Answer
Vertex: $\left(-3,-9\right)$
Opening: right
Shape: wider than as $x=y^2$
Horizontal Axis
Work Step by Step
To find the vertex of the given equation, $
x=\dfrac{1}{3}y^2+6y+24
,$ convert the equation in the form $x=a(y-k)^2+h$.
Grouping the $y$-variables together and making the coefficient of $y^2$ equal to $1$, the given equation is equivalent to
\begin{align*}
x&=\left(\dfrac{1}{3}y^2+6y\right)+24
\\\\
x&=\dfrac{1}{3}\left(y^2+18y\right)+24
.\end{align*}
Completing the square of the right-side expression by adding $\left(\dfrac{b}{2}\right)^2,$ the equation above is equivalent to
\begin{align*}
x&=\dfrac{1}{3}\left(y^2+18y+\left(\dfrac{18}{2}\right)^2\right)+\left[24-\dfrac{1}{3}\left(\dfrac{18}{2}\right)^2\right]
\\\\
x&=\dfrac{1}{3}\left(y^2+18y+81\right)+\left[24-27\right]
\\\\
x&=\dfrac{1}{3}\left(y+9\right)^2-3
.\end{align*}
Since the vertex of the equation $x=a(y-k)^2+h$ is given by $(h,k)$, then the vertex of the quadratic equation above is $
\left(-3,-9\right)
$.
In the equation $
x=\dfrac{1}{3}\left(y+9\right)^2-3
,$ the squared variable is $y.$ Thus, the parabola opens left or right.

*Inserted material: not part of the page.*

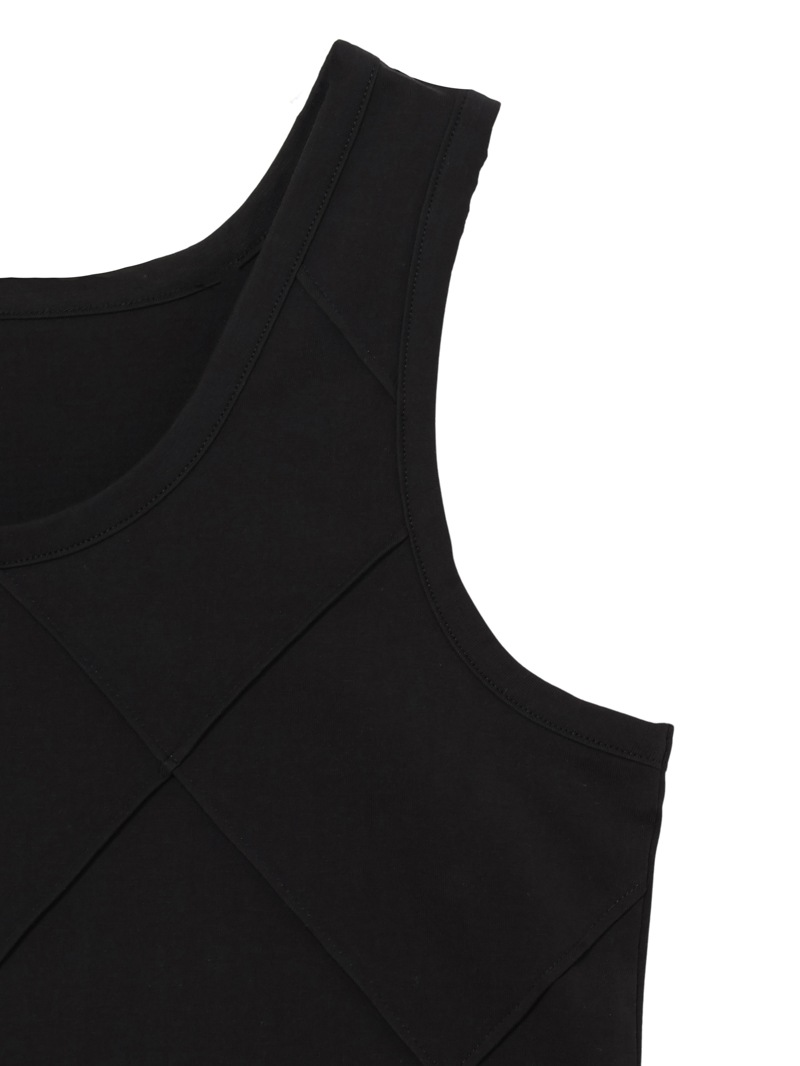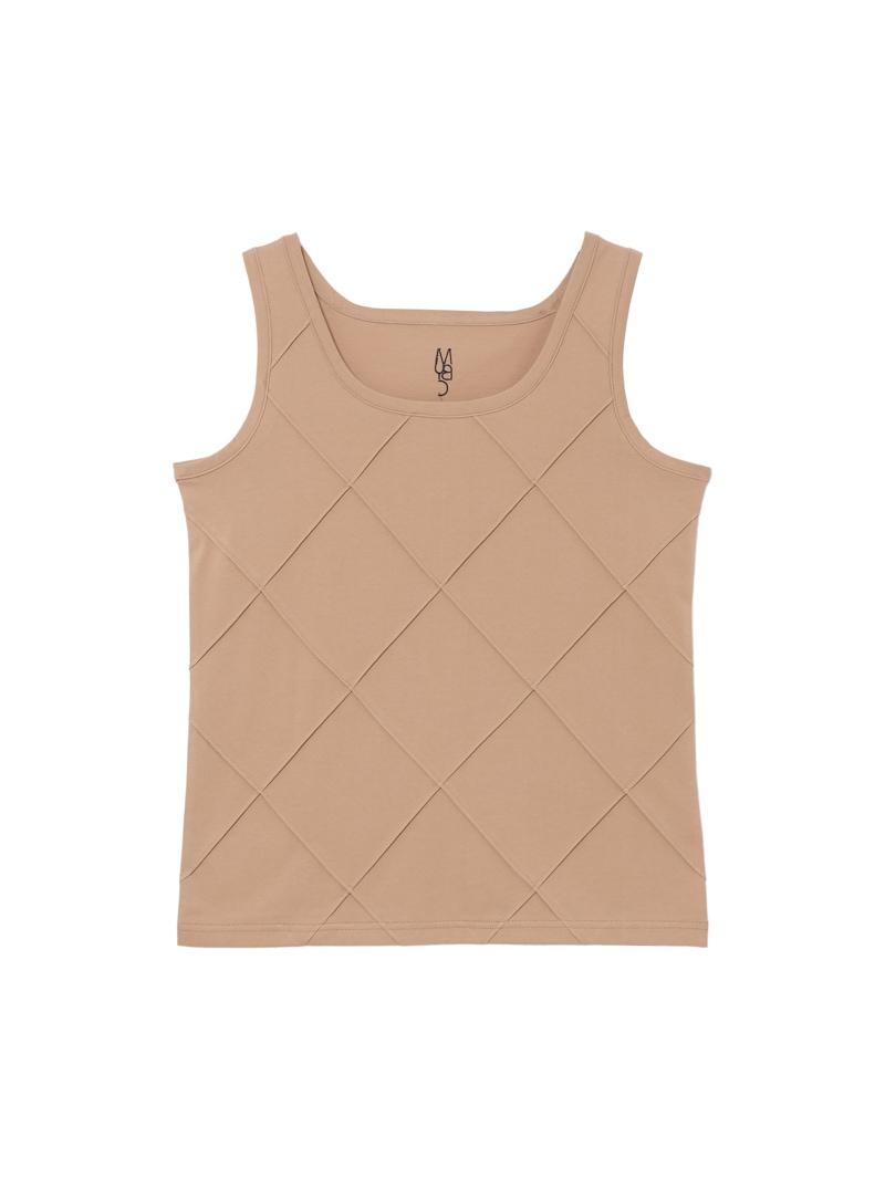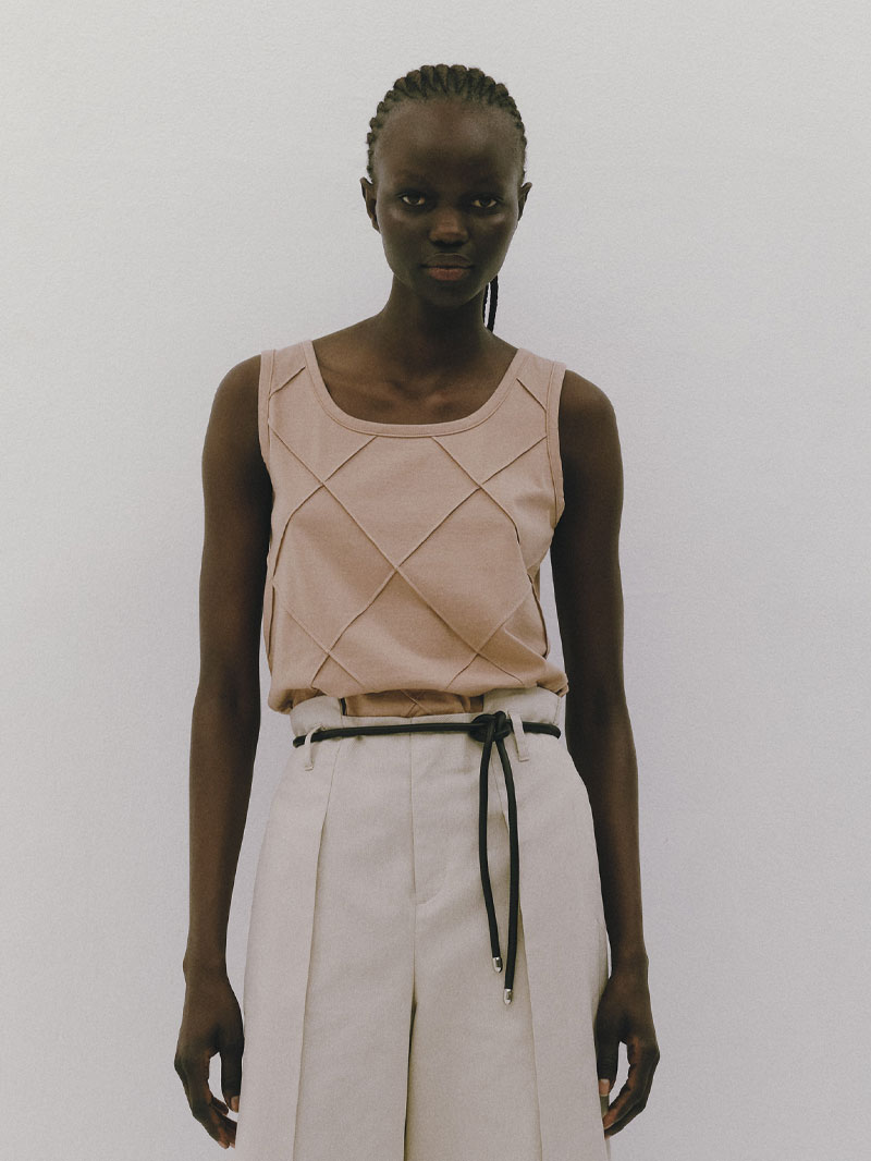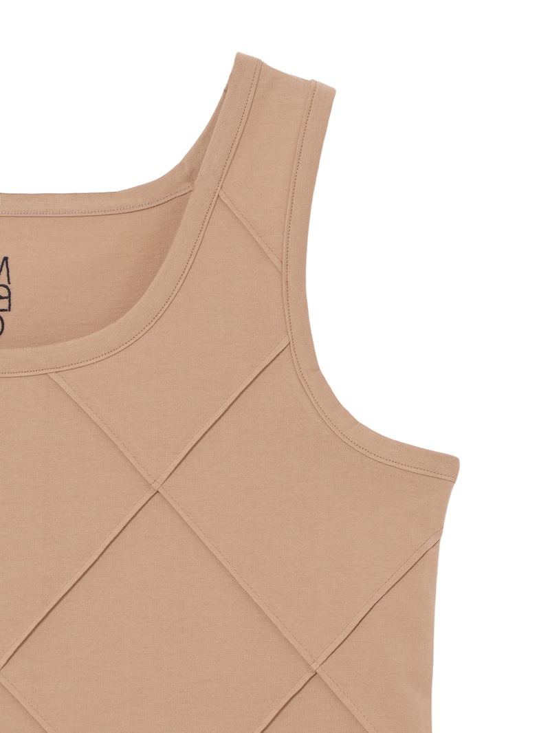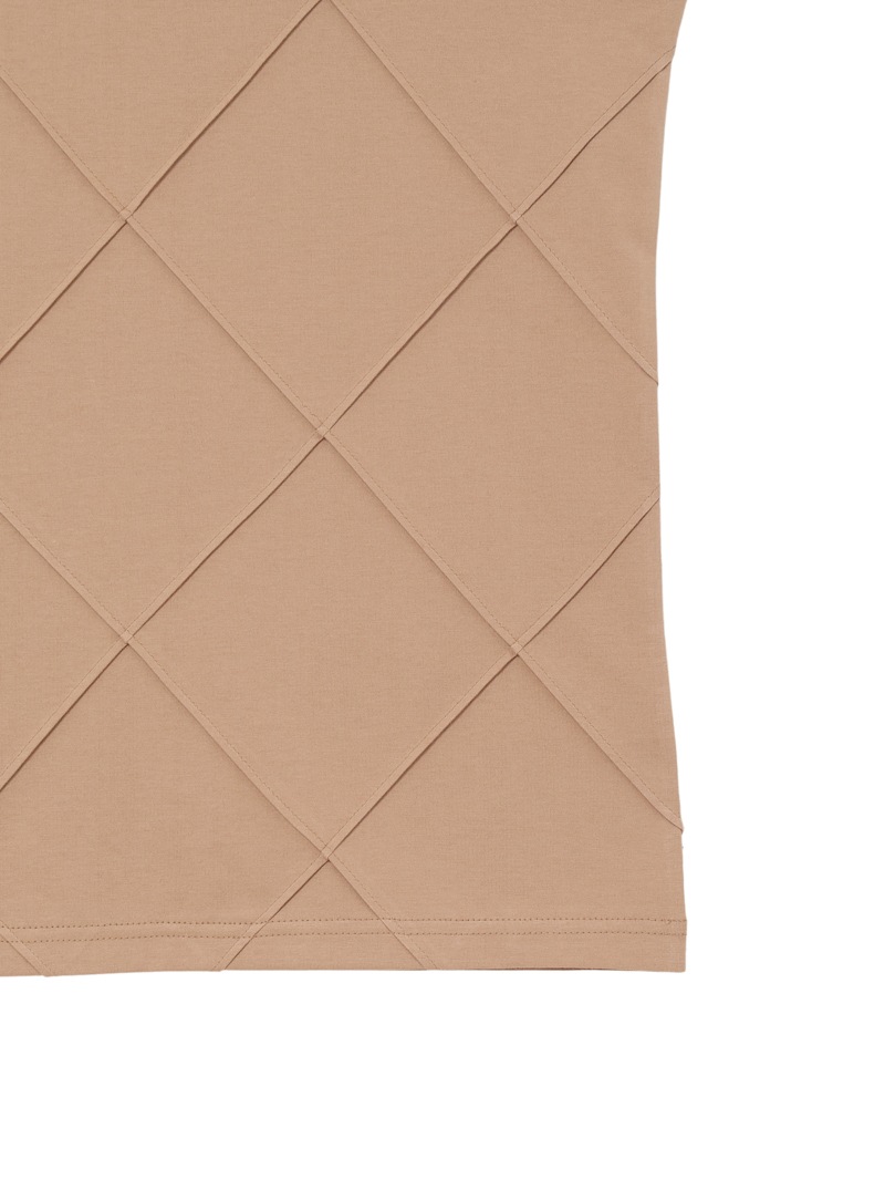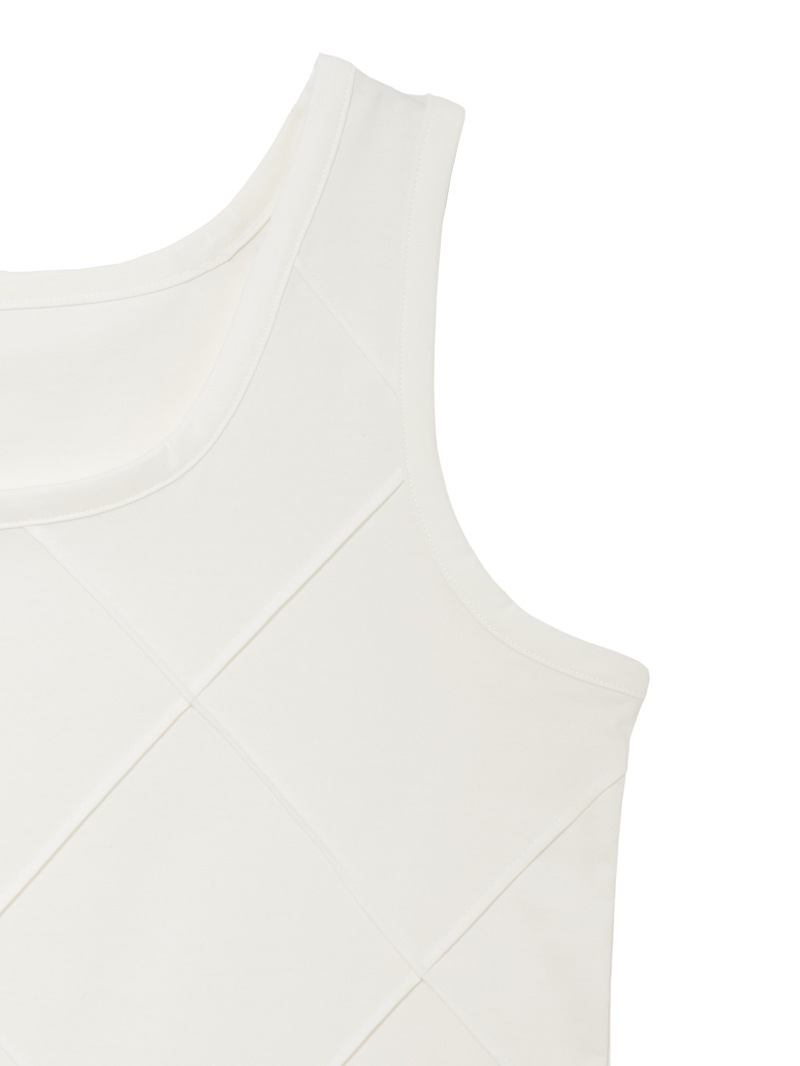 1枚で着られる肉厚感のある目面の美しいカットソー素材を使用したシリーズ。ダイヤ柄を取り入れることで、シンプルな中に程よいデザインをプラスしています。デコルテが美しく見える、丸みのあるスクエアネックラインも特徴です。

With $a=\dfrac{1}{3}$ (greater than zero), then the parabola opens to the right.
With $|a|=\left|\dfrac{1}{3}\right|=\dfrac{1}{3}$ (between $0$ to $1$), then the shape of the parabola is wider than $x=y^2$.
Since $y$ is the squared variable in the equation, then the parabola has a horizontal axis.